> **INPUT DATA**
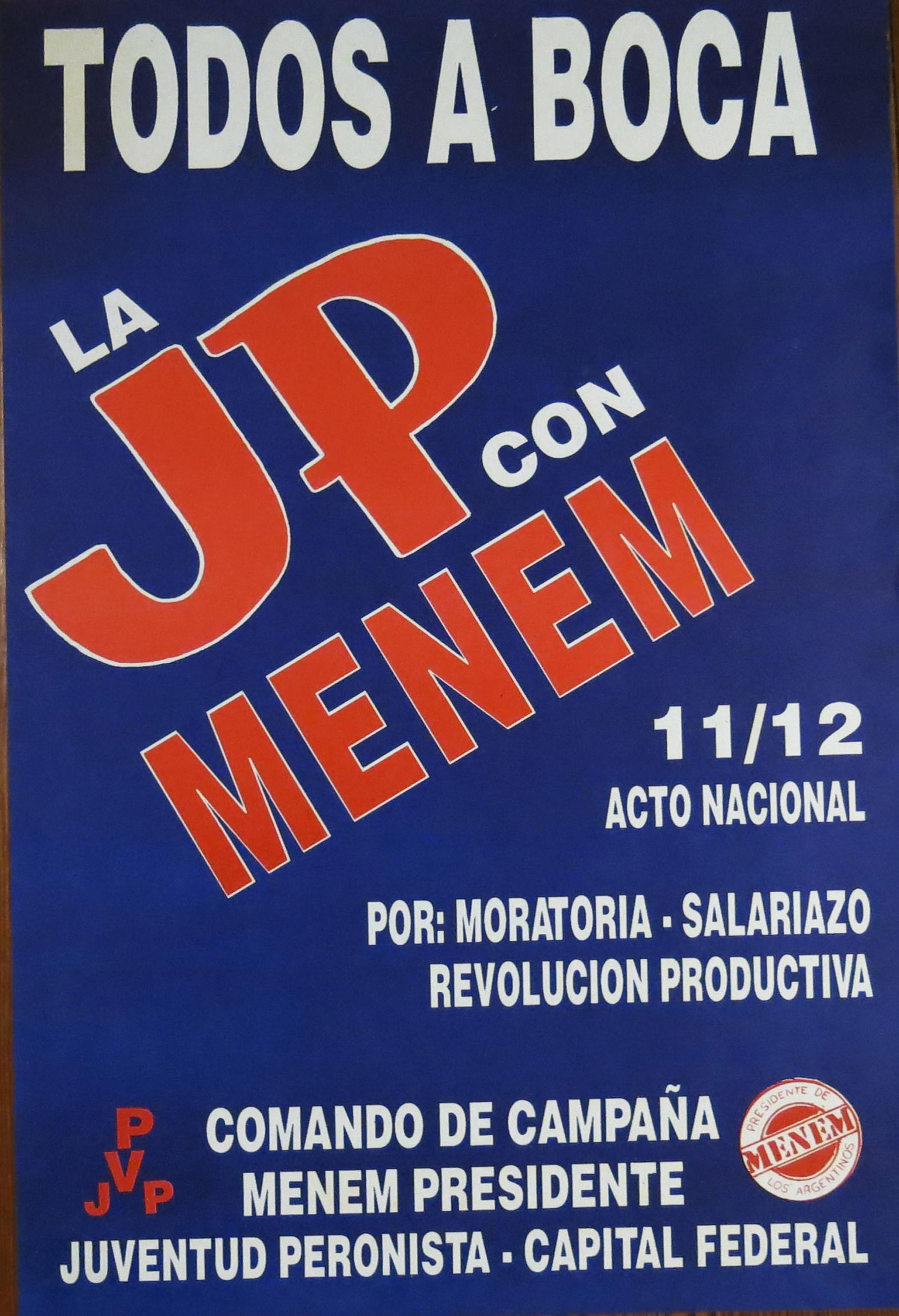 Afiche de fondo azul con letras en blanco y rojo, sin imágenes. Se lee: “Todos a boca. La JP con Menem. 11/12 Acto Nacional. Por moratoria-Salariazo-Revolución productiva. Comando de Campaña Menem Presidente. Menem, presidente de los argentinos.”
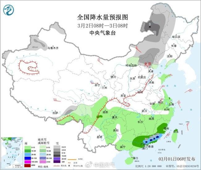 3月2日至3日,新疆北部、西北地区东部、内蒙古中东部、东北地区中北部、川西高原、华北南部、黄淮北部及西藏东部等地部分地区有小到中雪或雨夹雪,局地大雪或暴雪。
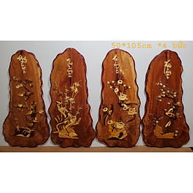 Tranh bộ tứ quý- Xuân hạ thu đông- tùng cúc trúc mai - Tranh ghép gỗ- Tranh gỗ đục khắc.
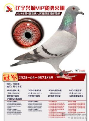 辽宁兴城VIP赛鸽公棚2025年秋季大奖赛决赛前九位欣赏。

> **PROBLEM DESCRIPTION**
Once the pictures are dropped, repeat the data above exactly.

> **WRITTEN RESPONSE**
 Afiche de fondo azul con letras en blanco y rojo, sin imágenes. Se lee: “Todos a boca. La JP con Menem. 11/12 Acto Nacional. Por moratoria-Salariazo-Revolución productiva. Comando de Campaña Menem Presidente. Menem, presidente de los argentinos.”
 3月2日至3日,新疆北部、西北地区东部、内蒙古中东部、东北地区中北部、川西高原、华北南部、黄淮北部及西藏东部等地部分地区有小到中雪或雨夹雪,局地大雪或暴雪。
 Tranh bộ tứ quý- Xuân hạ thu đông- tùng cúc trúc mai - Tranh ghép gỗ- Tranh gỗ đục khắc.
 辽宁兴城VIP赛鸽公棚2025年秋季大奖赛决赛前九位欣赏。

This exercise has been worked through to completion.